- Film poster
- Directed by: Guillaume Nicloux
- Written by: Guillaum Nicloux Nathalie Leuthreau Jean-Bernard Pouy
- Produced by: Sylvie Pialat
- Starring: Jean-Pierre Darroussin Judith Godrèche Josiane Balasko
- Cinematography: Georges Lechaptois
- Edited by: Guy Lecorne
- Music by: Julien Doré
- Production company: Les Films du Worso
- Distributed by: MK2 Diffusion
- Release date: 8 December 2010;
- Running time: 90 minutes
- Country: France
- Language: French
- Budget: $2.6 million
- Box office: $530.000

= Holiday (2010 film) =

Holiday is a 2010 French comedy crime film directed by Guillaume Nicloux.

== Plot ==
One evening, Michel Trémois falls in the pharmacy of a provincial railway station and remembers the sequence of events which, in two days, have pushed his party life weekend with his wife Nadine, to rebuild their relationship and save their sexuality.
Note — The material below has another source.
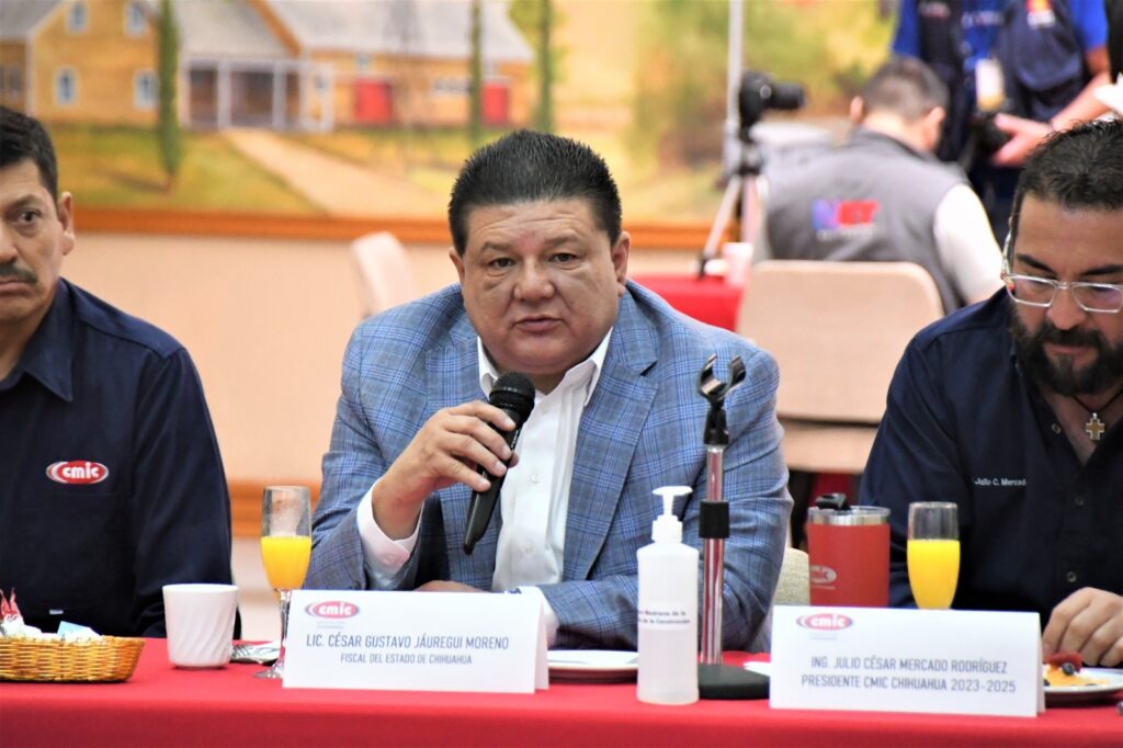 El convenio fue firmado esta mañana por el Fiscal General del Estado, César Jáuregui Moreno y el presidente de CMIC Chihuahua, Julio César Mercado Rodríguez, ante un nutrido grupo de constructores.

Nothing goes as planned. After a wild and tumultuous night embellished singular encounters, the wake-Michel is brutal and painful. He not only finds himself accused of murder but his wife is not found.

==Cast==

- Jean-Pierre Darroussin as Michel Trémois
- Judith Godrèche as Nadine Trémois
- Josiane Balasko as Christiane Mercier
- Françoise Lebrun as Marie-Paule
- Biyouna as Eva Lopez
- Pascal Bongard as Richard Ponce
- Marc Rioufol as Anthony Rivière
- Scali Delpeyrat as Fabien
- Eric Naggar as M. Abraham
- Yves Verhoeven as Inspector Delteil
- Camille de Sablet as Sandy
- Stéphan Wojtowicz as Sylvain Caccia
- Nicolas Jouhet as Olivier Desanti
- Christian Drillaud as Alain
- Yveline Hamon as Danielle
- Christophe Fluder as Nicolas Ajuria
- Léna Breban as Julie Vadec
- Valérie Lang as Catherine Bazinsky
- Maxime Lefrançois as Rémi Van Groll
- Julien Prévost as Bruno

==Production==
Filming locations included the Château de Mercuès in Mercuès and the Gare de Cahors in Cahors, in the Lot department.